Victoria hurried to the telephone. She had left the motorcar and driver at Eleanor’s disposal while she was gone. Eleanor had done so much for her, Victoria felt it was the least she could do.

Dialing the telephone she’d had installed in her driver’s flat, much to her uncle’s disapproval, she prayed for two things. That someone would pick up and that whoever it was would know where Eleanor was. The phone rang and rang and Victoria was just despairing when someone answered.

“Hello? Hello?” Mr. Peters always sounded suspicious, as if the phone were going to blow up in his hands. Inanely she wondered if he ever got calls from anyone else.

“Yes, Mr. Peters, it’s Miss Buxton. Did you take Eleanor anywhere this evening?”

“Miss Victoria, welcome home! When did you get in?”

Her driver’s leisurely tone drove her mad. “Just now. Please, it’s important. Did you take Miss Eleanor anywhere?”

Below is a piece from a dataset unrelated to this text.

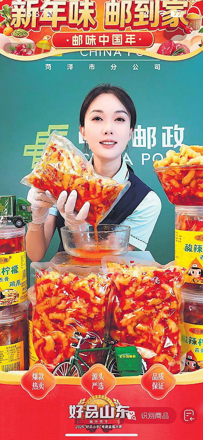 “‘年貨節(jié)’福利來了!無骨雞爪酸辣開胃,佤味雞爪麻辣鮮香,為春節(jié)家宴增添美味!”在菏澤郵政“年貨節(jié)”主題直播間,主播的熱情推薦迅速激發(fā)消費意愿,讓這場精心籌備的年貨直播一炮而紅。

“Well, yes. Yes, I did. I took her to Mrs. Wilkes’s flat. I asked her if she wanted me to linger and she said no, she was going to stay on for a bit and would take the tube home. I didn’t like it, but what am I supposed to say? It’s not my business if you young ladies go gadding about on the streets by yourselves.”

Victoria’s shoulders slumped. Well, that was that. She’d been so hoping that she’d be able to find out something.

“So I was very relieved and surprised when I got home and my wife told me she had called again and needed to be picked up right away.”

Victoria clenched the phone. “And did you? Where did you take her?”

“Mrs. Wilkes was in a bad way, and in her condition Miss Eleanor wanted her to go to the hospital—”

Victoria’s breath caught, and she cut him off. “I am very sorry, but I am going to need you to come pick me up as soon as possible. I am going to meet Miss Eleanor at the hospital.”

“Yes, miss.” He sounded less than enthusiastic. She had no doubt interrupted his supper. But her solicitor paid him every month to be at her beck and call, and right now she was calling.

“Susie!” she yelled the moment she got off the telephone.

Susie came in, wiping her hands on her apron. “Yes, miss? Did you find out something?”

“The driver took them to the hospital, so he knows where Prudence and Eleanor are. He’ll be picking me up in a few minutes. Get my coat.”

Susie hurried back to the closet she had just put the coat into.

“Should I have anything?” Victoria looked around wildly. She was just so scattered.

“Do you have money in your handbag?” Susie asked.

Victoria nodded.

“Then you’re good. Let me know as soon as you hear something. How many biscuits should I bake?”

“As many as you can,” Victoria said, hurrying out the door. She only hoped they would be taking the treat to a happy family and not as an offering for grief.

chapter
nineteen

M
r. Peters was just pulling up to the door when Victoria ran out of the building.

She got in the backseat and leaned forward, her hands clutching her bag. “Which hospital is she in?”

“West End Hospital. We stopped at London City, but it was full up with soldiers and they told us to try West End.”

Victoria lapsed into silence and concentrated on keeping her breaths even to loosen the tightening in her chest.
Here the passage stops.